CARY, N.C. -

Voting unanimously, all nine members of the Federal Reserve’s Federal Open Market Committee agreed to maintain the target range for the federal funds rate at 1 to 1.25 percent during their meeting this week.

First Franklin Financial Services projected when the Fed might make its next move as the FOMC has two more opportunities this year coming in September and December.

“The committee will carefully monitor actual and expected inflation developments relative to its symmetric inflation goal,” the Fed said in its latest policy statement. “The committee expects that economic conditions will evolve in a manner that will warrant gradual increases in the federal funds rate; the federal funds rate is likely to remain, for some time, below levels that are expected to prevail in the longer run.

“However, the actual path of the federal funds rate will depend on the economic outlook as informed by incoming data,” the Fed added.

In determining the timing and size of future adjustments to the target range for the federal funds rate, the Fed reiterated that the committee will assess realized and expected economic conditions relative to its objectives of maximum employment and 2 percent inflation.

Meanwhile, two experts from First Franklin Financial Services, offered their prediction of what the Fed might do next.

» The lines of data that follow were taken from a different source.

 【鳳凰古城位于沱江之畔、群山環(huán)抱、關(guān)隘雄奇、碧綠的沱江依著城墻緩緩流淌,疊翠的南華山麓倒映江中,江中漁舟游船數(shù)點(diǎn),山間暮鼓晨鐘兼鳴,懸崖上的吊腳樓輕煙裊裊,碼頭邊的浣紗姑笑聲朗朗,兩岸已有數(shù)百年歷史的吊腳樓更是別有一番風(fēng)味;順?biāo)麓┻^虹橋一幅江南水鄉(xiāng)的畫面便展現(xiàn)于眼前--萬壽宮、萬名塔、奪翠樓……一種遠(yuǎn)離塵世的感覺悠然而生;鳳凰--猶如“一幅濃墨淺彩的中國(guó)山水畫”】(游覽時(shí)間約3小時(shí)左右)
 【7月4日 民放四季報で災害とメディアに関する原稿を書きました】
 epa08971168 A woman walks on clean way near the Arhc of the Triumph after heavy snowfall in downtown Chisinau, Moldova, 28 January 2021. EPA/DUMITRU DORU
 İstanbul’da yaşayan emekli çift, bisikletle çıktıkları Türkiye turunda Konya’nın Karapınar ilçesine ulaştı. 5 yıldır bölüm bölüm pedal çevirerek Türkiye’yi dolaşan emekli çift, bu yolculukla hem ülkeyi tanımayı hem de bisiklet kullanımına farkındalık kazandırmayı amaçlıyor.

Brett Ewing is the firm’s chief market strategist and Lance Mitchell is its research director.

“The Fed continued its policy of not upsetting the apple cart when they didn’t give a press conference to explain things,” Ewing and Mitchell said. We believe that both the market and the Fed will be much more concerned with how the balance sheet normalization will go and we expect the Fed to begin the normalization sometime before the end of the year.

“It will likely use the remaining two press conferences to focus on questions the market may have,” they continued. “If the Fed can get the unwind off and running successfully without upsetting markets we expect Janet Yellen to step down as Fed chair and Gary Cohn to take over in 2018.

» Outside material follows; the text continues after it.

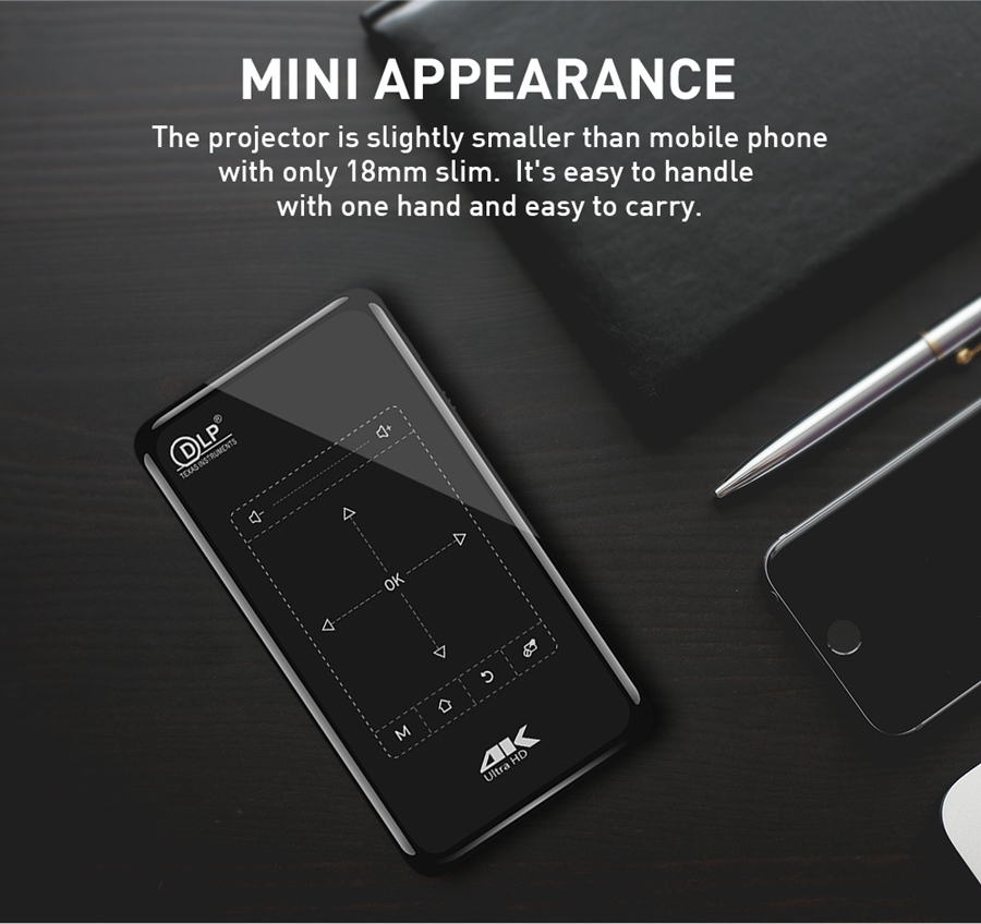 YJMOYE Portable Digital Projector P09-ll Mini 4K1080P Bluetooth Smart WiFi Wireless Charged Projectors for Home or Outdoor Theater, Entertainment
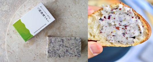 三陸沖で獲れるまつも・ダルス・あおさ・ワカメの4種の海藻を練りこみ、岩手県野田村で4日間手仕込みで作られた「のだ塩」を加えた、日常の食卓をさらに美味しく仕上げてくれる海を感じるクセのない口当たりの良いフレーバーバター。

“The weak dollar continues to put the Fed in a goldilocks environment where the market isn’t concerning itself with rates,” Ewing and Mitchell went on to say. “And we don’t think there will be a rate hike until 2018; that’s the most likely scenario. Although December 2017 is in play, but still is less than 50 percent chance.”

Also of note, Treasury Secretary Steve Mnuchin didn’t specifically mention interest rates during his opening statement during a hearing hosted on Thursday by the House Financial Services Committee. But Mnuchin did allude to the positive economic trends that the Fed emphasized are what dictate upcoming actions.

“Years have passed since the financial crisis and this has given us time to see what has worked and what has not,” Mnuchin said. "The administration is committed to a robust financial system with a free flow of credit that fuels the engine of American growth. This means allowing community financial institutions to lend and small businesses access to borrowing. It means giving Americans the opportunity to make independent financial decisions, such as buying a home and saving for retirement.”